5.1 KiB
Multi-Tenant Python Management API
This document explains how the multi-tenant architecture isolates data within Python, what the return values are, and how developers can build internal administrative scripts using native Python instead of the Docker CLI.
1. Architectural Concept
In the system, each "tenant" is essentially a dedicated MongoDB database identified by a dynamically generated string based on a subdomain or header (inventar_<tenant_id>).
App containers share a connection pool using pymongo.MongoClient, and requests are routed to specific databases dynamically based on the current Flask g.tenant_context.
All MongoDB administrative tasks (creating tenants, restarting apps, fetching lists) are done via standard MongoDB Python drivers because the core multi-tenancy happens at the database level.
2. Managing Tenants via Python
If you want to perform multi-tenant administrative operations without traversing through manage-tenant.sh, you can execute native Python scripts connecting to the system's MongoClient.
Basic Connection Boilerplate
Whenever automating an administrative task in Python, you simply need to connect to MongoDB using the properties defined in settings.py.
import sys
import os
# Append Web folder so we can access configuration
sys.path.insert(0, '/app/Web')
import settings
from pymongo import MongoClient
# Establish connection pooling
client = MongoClient(settings.MONGODB_HOST, int(settings.MONGODB_PORT))
A. Adding a New Tenant (Database Initialization)

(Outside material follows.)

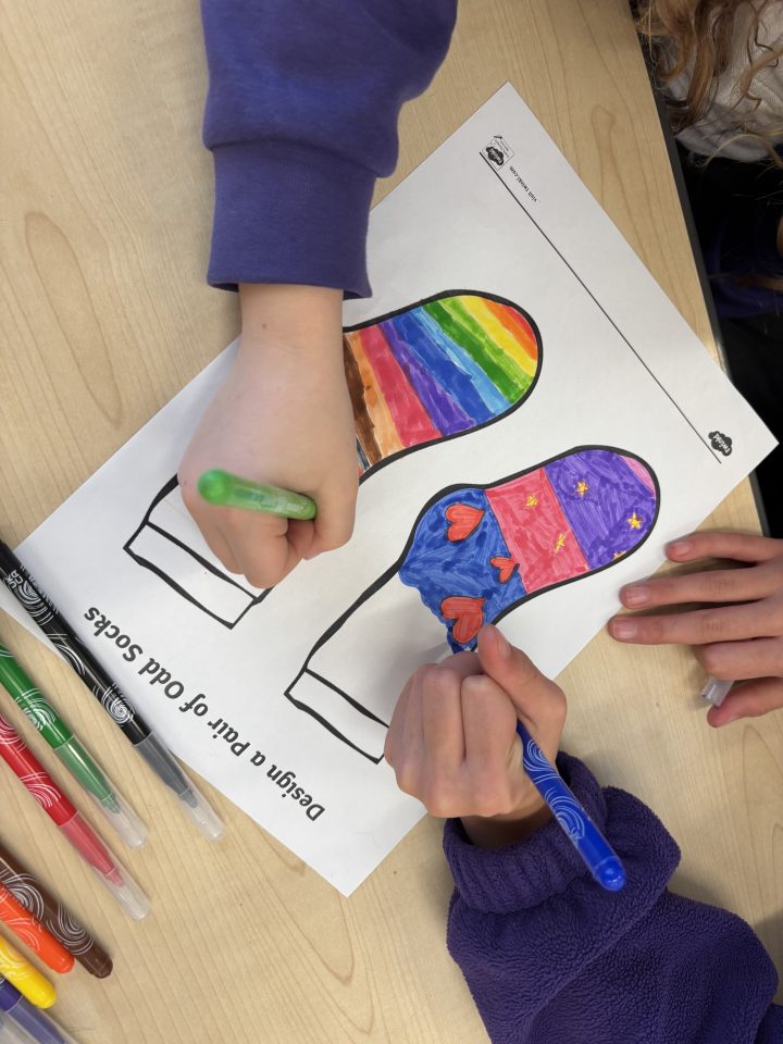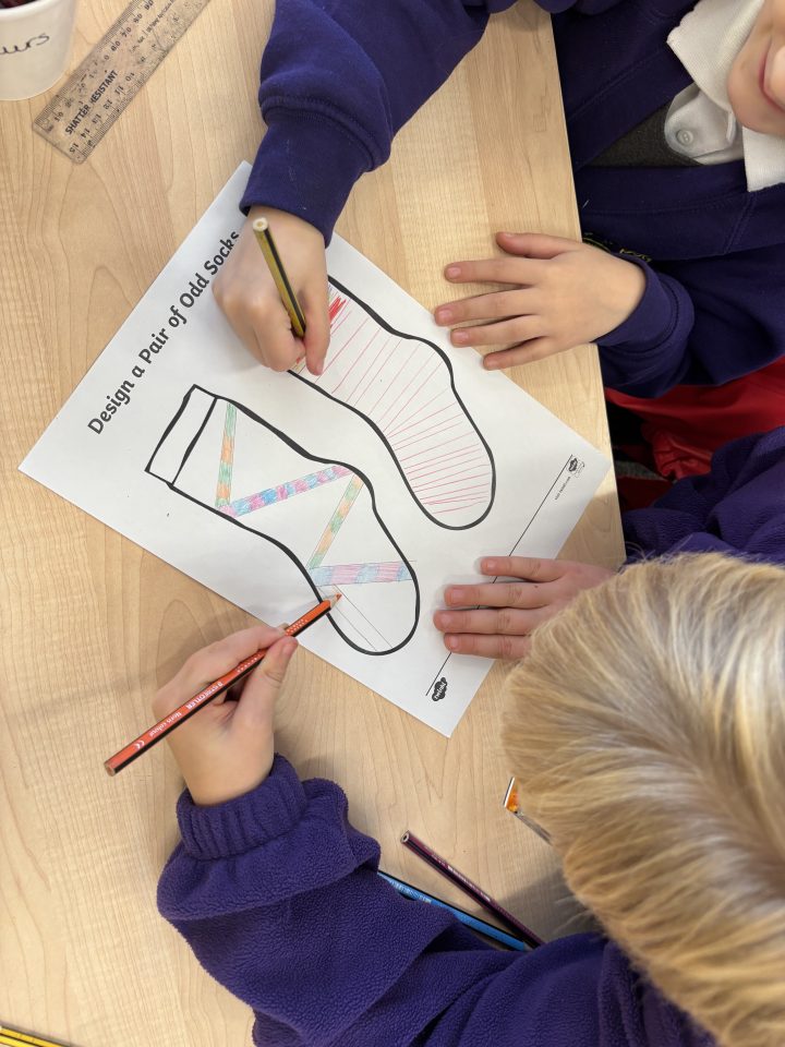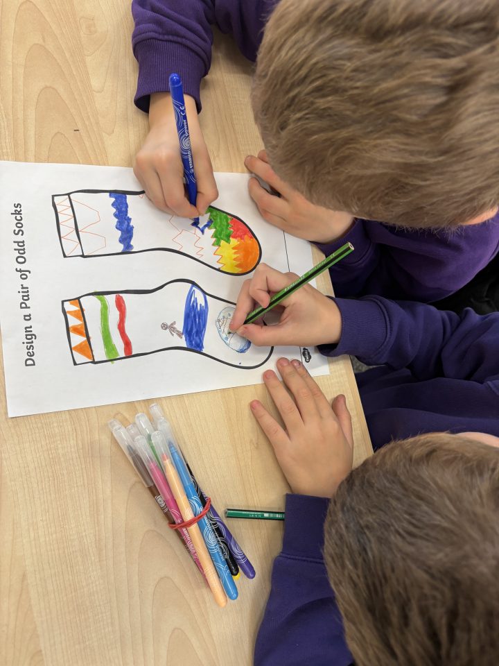Year 5 had a great time with their Year 2 buddies on Friday designing odd socks as part of curriculum day.

A new tenant database isn’t provisioned until the first actual data insert happens. We trigger this manually by creating an admin user for them.
Operation:
def create_tenant(tenant_id, admin_password="hashed_password_here"):
db_name = f"{settings.MONGODB_DB}_{tenant_id}"
db = client[db_name]
# MongoDB creates the DB automatically on first insert
result = db.users.insert_one({
'username': 'admin',
'password': admin_password,
'role': 'admin'
})
return result.inserted_id # Returns the BSON ObjectId of the new user
B. List Active Tenants
To find out how many isolated tenants have active databases, you query the raw MongoClient for all databases and search for your configured MongoDB prefix (default: inventar_).
Operation:
def list_tenants():
prefix = f"{settings.MONGODB_DB}_"
# Returns a Python list of string database names
all_dbs = client.list_database_names()
# Filter and strip the prefix to return just the tenant_ids
active_tenants = [d.replace(prefix, "") for d in all_dbs if d.startswith(prefix)]
return active_tenants # e.g., ['schule1', 'schule2', 'test']
C. Soft-Restarting a Tenant (Invalidating Sessions)
"Restarting" a single tenant means signing out all of their users and forcing an application refresh. Because Session data is coupled to the tenant database, dropping their sessions collection achieves an instant sign-out.
Operation:
def restart_tenant(tenant_id):
db_name = f"{settings.MONGODB_DB}_{tenant_id}"
db = client[db_name]
# Drops the collection. All active user cookies immediately become invalid.
result = db.sessions.drop()
return result # Returns None. Raises PyMongoError if connection fails.
D. Removing a Tenant Completely (Wipe Data)
If a tenant is removed from the service or their lease expires, you can permanently obliterate their data container footprint.
Operation:
def remove_tenant(tenant_id):
db_name = f"{settings.MONGODB_DB}_{tenant_id}"
# Erases the isolated database. Can't be undone.
client.drop_database(db_name)
return True # Returns True. Raises PyMongoError if connection fails.
3. Resolving Context Inside Flask (app.py)
If you are building custom application endpoints inside Web/app.py, you shouldn't use the direct MongoDB client manually. Instead, you rely on the built-in Flask context manager (Web/tenant.py) to give you the correct isolated scope.
The get_tenant_db() function
Every route must use get_tenant_db(client) to ensure users can only ever access their own school/domain's database.
from pymongo import MongoClient
import settings
from tenant import get_tenant_db
# Example Route
@app.route('/api/items')
def get_items():
# 1. Establish/reuse pooling connection
client = MongoClient(settings.MONGODB_HOST, settings.MONGODB_PORT)
# 2. Get the dynamically routed DB for THIS user
# (Based on Nginx Subdomain or X-Tenant-Id header)
db = get_tenant_db(client)
# 3. Runs query solely on `inventar_schule1.items`
items = list(db.items.find())
return items # List of BSON Dictionaries
What it returns internally:
The get_tenant_db function queries g.tenant_context inside Flask, calculates the database name from the subdomain, and returns a live pymongo.database.Database object.
This ensures that scaling is extremely cheap on resources because 1 Application Container connects to 100 separate Tenant Databases using just 1 shared MongoClient pool.